What triggers failover in MarkLogic Server?
21 May 2020 08:32 AM
Each node in a cluster communicates with all of the other nodes in the cluster at periodic intervals. This periodic communication, known as a heartbeat, circulates key information about host status and availability between the nodes in a cluster. Through this mechanism, the cluster determines which nodes are available and communicates configuration changes with other nodes in the cluster. If a node goes down for some reason, it will stop sending heartbeat packets to the other nodes in the cluster.
The cluster uses the heartbeat to determine if a node in the cluster is down. A heartbeat message from a given node contains its view of the current state of the cluster at the moment of the heartbeat was generated. The determination of a down node is based on a vote from each node in the cluster. In order to vote a node out of the cluster, there must be a quorum of nodes voting to remove a node.
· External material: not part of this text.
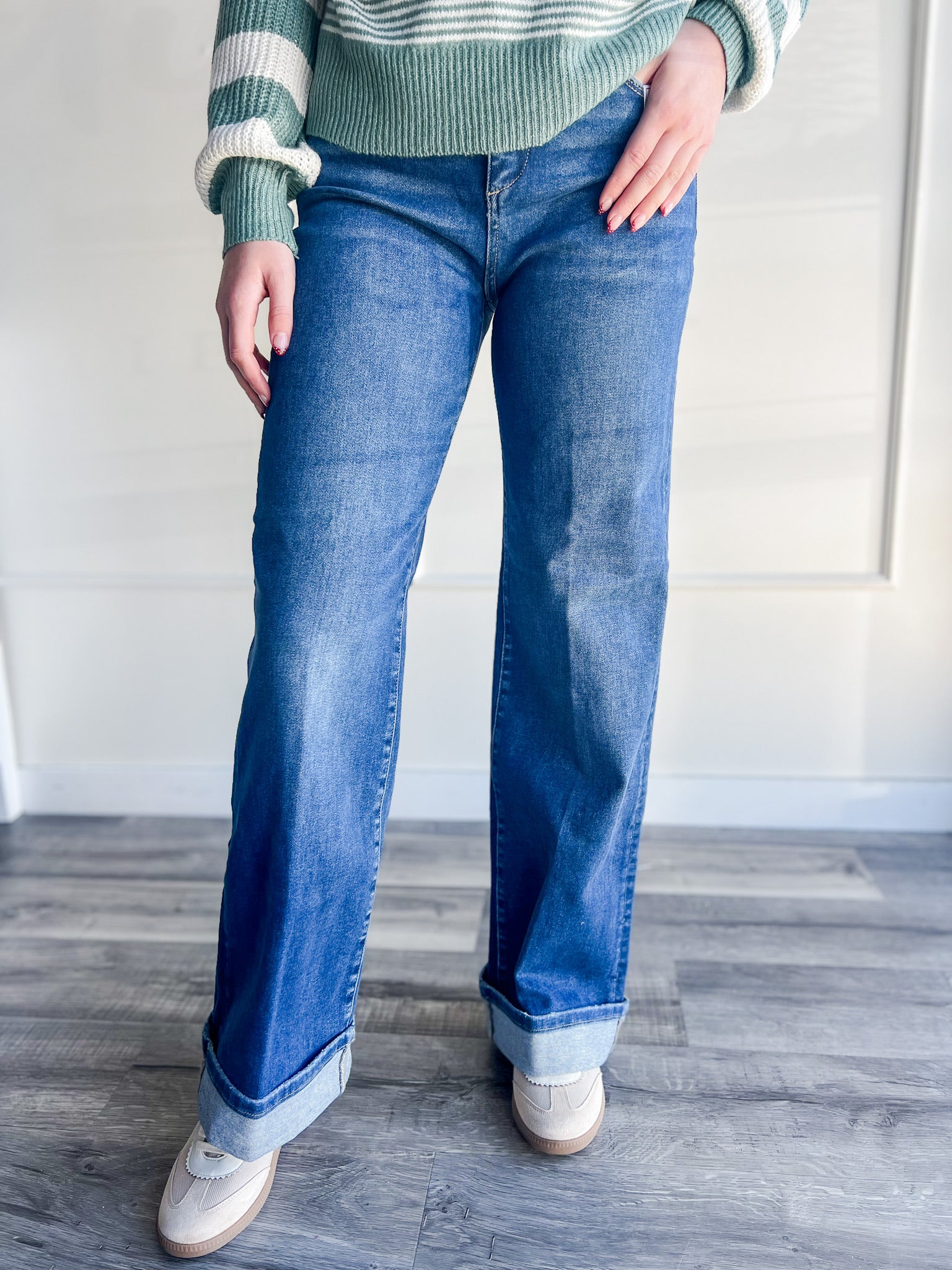 These jeans are giving weekend ease meets everyday polish. The Risen Wide Leg Cuffed Jeans feature a dark wash and flattering high-rise fit designed to smooth and elongate. With built-in tummy control and a soft stretch feel, they’re made for the woman who wants comfort without compromising style. Perfect for pairing with your favorite sweaters, graphics, or dressy blouses — these jeans do it all.

A quorum occurs if more than 50% of the total number of nodes in the cluster (including any nodes that are down) vote the same way. The voting that each host performs is done based on how long it has been since it last had a heartbeat from the other node. If at least half of the nodes in the cluster determine that a node is down, then that node is disconnected from the cluster. The wait time for a host to be disconnected from the cluster is typically considerably longer than the time for restarting a host, so restarts should not cause hosts to be disconnected from the cluster (and therefore they should not cause forests to fail over).
There are group configuration parameters to determine how long to wait before removing a node (for details, see XDQP Timeout, Host Timeout, and Host Initial Timeout Parameters).
Each node in the cluster continues listening for the heartbeat from the disconnected node to see if it has come back up, and if a quorum of nodes in the cluster are getting heartbeats from the node, then it automatically rejoins the cluster.
The heartbeat mechanism allows the cluster to recover gracefully from things like hardware failures or other events that might make a host unresponsive. This occurs automatically, without any human intervention; machines can go down and automatically come back up without requiring intervention from an administrator.
Hosts with Content Forests
If the node that goes down hosts content in a forest, then the database to which that forest belongs will go offline until the forest either comes back up or is detached from the database.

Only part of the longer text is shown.